Como la aplicación del plan general de Kimche resulto ser un callejón sin salida, en gran medida resultado de la total incomprensión de Kimche con respecto a los dirigentes iraníes y sus intereses en el negocio, y como la información sobre Irán comenzó a filtrarse a la prensa americana, Kimche demostró que, aunque había perdido tacto como un espía, seguía siendo un manipulador formidable de los medios de comunicación. Empezó a filtrar historias a la prensa israelí y norteamericana, culpando del fracaso de la operación a uno de los participantes en el asunto, Amiram Nir, ayudante de Peres. Como resultado, a pesar de su evidente participación en el Irangate, y el conocimiento de su evolución, Kimche, gracias a la presión ejercida por algunos de sus amigos de Washington, no fue llamado a declarar el Irán-Contra los comités del Congreso.

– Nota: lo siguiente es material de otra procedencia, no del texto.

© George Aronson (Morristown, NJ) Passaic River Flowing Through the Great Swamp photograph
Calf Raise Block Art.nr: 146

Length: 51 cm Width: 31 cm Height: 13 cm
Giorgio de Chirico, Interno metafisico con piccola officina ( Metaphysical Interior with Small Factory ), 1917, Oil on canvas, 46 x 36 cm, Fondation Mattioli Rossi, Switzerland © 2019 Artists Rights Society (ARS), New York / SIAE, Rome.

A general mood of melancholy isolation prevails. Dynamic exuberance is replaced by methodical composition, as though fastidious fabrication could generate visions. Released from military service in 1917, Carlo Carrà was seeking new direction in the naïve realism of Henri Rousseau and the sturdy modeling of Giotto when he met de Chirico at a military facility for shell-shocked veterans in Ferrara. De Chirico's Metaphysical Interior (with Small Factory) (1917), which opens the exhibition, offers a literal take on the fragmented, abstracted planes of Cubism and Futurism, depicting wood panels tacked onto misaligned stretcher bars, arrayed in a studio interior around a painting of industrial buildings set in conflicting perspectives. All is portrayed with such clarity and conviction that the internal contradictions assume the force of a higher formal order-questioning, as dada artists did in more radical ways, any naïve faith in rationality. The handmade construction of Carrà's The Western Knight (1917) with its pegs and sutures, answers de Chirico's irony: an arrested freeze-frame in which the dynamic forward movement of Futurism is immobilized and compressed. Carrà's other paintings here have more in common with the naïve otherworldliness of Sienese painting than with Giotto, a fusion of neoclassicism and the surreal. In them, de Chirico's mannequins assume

Irangate reveló un enorme poder de Kimche en el establecimiento de la política exterior de Israel. Pero también expuso su serie de errores. Detrás de la fachada del caballero británico urbano establecer un conspirador compulsivo cuyas políticas y ambiciones profesionales ayudó a producir una intriga tragicómico extraño que debilita enormemente las relaciones estadounidense-israelí y una sombra siniestra sobre mandato presidencial de Reagan en la segunda legislatura.

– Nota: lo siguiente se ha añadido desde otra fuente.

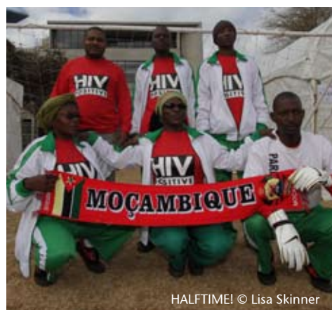
Mambinhas from Mozambique

Protesting against this reversal, HALFTIME! brought together people living with HIV from across Southern Africa to compete in a unique five-a-side football tournament in Johannesburg. Six teams of people living with HIV and MSF staff working in HIV treatment projects from South Africa, Zimbabwe, Mozambique and Swaziland participated. Other matches were hosted in Belgium, Switzerland, Germany and Malawi.

El asunto también descarriló el sueño de Kimche de convertirse en el jefe del Mossad. Después de ser apartado del Ministerio de Relaciones Exteriores, Kimche renunció al cargo para pasarse a “la empresa privada”. Desde entonces, ha estado trabajando con otro hombre misterioso, Shaul Eise, del que se dice que es el hombre más rico de Israel. Eisenberg ha ayudado a su gobierno a establecer lazos comerciales y militares en todo el Lejano Oriente, incluida la transferencia lucrativa de Israel (y estadounidense) de tecnología a China, con la que el Estado judío no tiene relaciones diplomáticas.

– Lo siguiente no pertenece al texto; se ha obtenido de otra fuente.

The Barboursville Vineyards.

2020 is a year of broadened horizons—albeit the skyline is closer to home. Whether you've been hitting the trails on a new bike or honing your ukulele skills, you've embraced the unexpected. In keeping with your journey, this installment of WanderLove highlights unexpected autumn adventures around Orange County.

Según varios informes periodísticos, Kimche ha sido fundamental en su nuevo trabajo para la expansión de las exportaciones de armas israelíes a China, estimandose que alcanzó casi tres millones de dólares en la última década. Kimche es un visitante frecuente de los Estados Unidos y, en entrevistas recientes con la prensa israelí, ha advertido que, basándose en sus conversaciones con funcionarios de la administración, el presidente George Bush no ha renunciado a su objetivo de presionar a Israel a adoptar una postura más moderada sobre la cuestión de Palestina.

Esta presión norteamericana se ve obligada para compensar la actual política israelí; los líderes de los laboristas intentan culpar a la intransigencia del Likud en la espiral descendente en las relaciones de EE.UU. e Israel, y el Likud trata de encender nuevos conflictos geopolíticos para frenarla. Este entorno favorece a los actores como Kimche, cuyas frecuentes visitas a Teherán indican que, quizá, Kimche nunca ha abandonado su sueño de dirirgir al resistente e imprevisible Mossad, y ve ahora el momento de hacer ese sueño realidad.

Leon T. Hadar enseña en la Escuela de Servicio Internacional en la American University y es el autor del libro “De la Guerra Fría a la Guerra del Golfo: Romance del paradigma de Oriente Medio”.